The streaming Super Bowl comes at the holidays in large part because only streaming can take advantage of that particularly narrow window of attention by releasing shows that can be processed in days rather than weeks. But it’s not just logistics that made streaming the common-sense venue for holiday entertainment — it’s also precedent. Networks have been opting out of the holidays for years now, presumably because they have large research departments that realized serialized TV wasn’t the optimal use of a late-December programming schedule. Or it could be because networks couldn’t compete with the glut of Christmas-release blockbusters and Oscar contenders, which still drew people to movie theaters even five years ago. (Remember Avatar?) Maybe the glut of live sports — NBA-owned Christmas Day, the College Football Playoff, and the still-mostly-a-draw NFL — persuaded networks to ease off. Or maybe viewers weren’t as inclined to the appointment-based viewing that serial network television still requires. (The holidays come with plenty of freedom, but they’re punctuated with all-important gathering times. No wonder make-your-own-schedule TV is so appealing right around now.) In any case, the streaming services saw an opportunity to cut out the middleman, then seized on it.
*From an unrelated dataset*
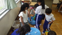生活科の学習の一つとして、「水遊び」を行いました。自分たちで用意した容器からでる水で的当てをするなど、水をつかってたくさんあそびました。

Observing a gap is only half the work; the next question is what to fill it with. While there isn’t much surface similarity between MaM’s criminal-justice exposé and The OA’s new-age spin on paranormal mystery, a common structure nonetheless lies beneath: creepy, strange, the kind of show people watch quickly and talk about on message boards for a good, long time. Netflix seems to think that slow-burn narratives, the ones most likely to spread via word of mouth, work best in this spot — like a real-life mystery in the age of Serial, or something for the obsessives to chew on and obsess over in Westworld’s wake. (This applies to The OA and Man in the High Castle as well as Sense8, which is airing a Christmas special in advance of its second season in May. Even the imports fall in line: Netflix is posting Canadian time-travel series Travelers on December 23.)
Given that a compressed viewing period only heightens the satisfaction of an intensely serialized story we can start and finish in a day, the thinking holds up. There’s also the matter of reception. No network, streaming included, is going to launch its would-be critical darlings when all the critics are on vacation; there’s a reason Fleabag and The Crown came a few months ago. Shows meant to be carried by viewer hype in spite of critical indifference, though? That’s The OA in a nutshell. A late-December show won’t land on any year-end lists, which were likely published weeks before, and it’s not designed to. Instead, it makes its appeal directly to the audience.
It’s possible the holidays will soon be as overcrowded and resistant to breakouts as the rest of the year is; after all, the Mayor of Television (that’d be FX chief John Landgraf) says we still haven’t reached the peak of Peak TV. For now, though, streaming platforms have found a showcase. The broadcast season doesn’t officially start for another few weeks, when winter series like Doubt and Making History will compete in an only slightly downsized version of the September Thunderdome. The streaming service is always on, and it doesn’t take breaks — especially not at Christmas.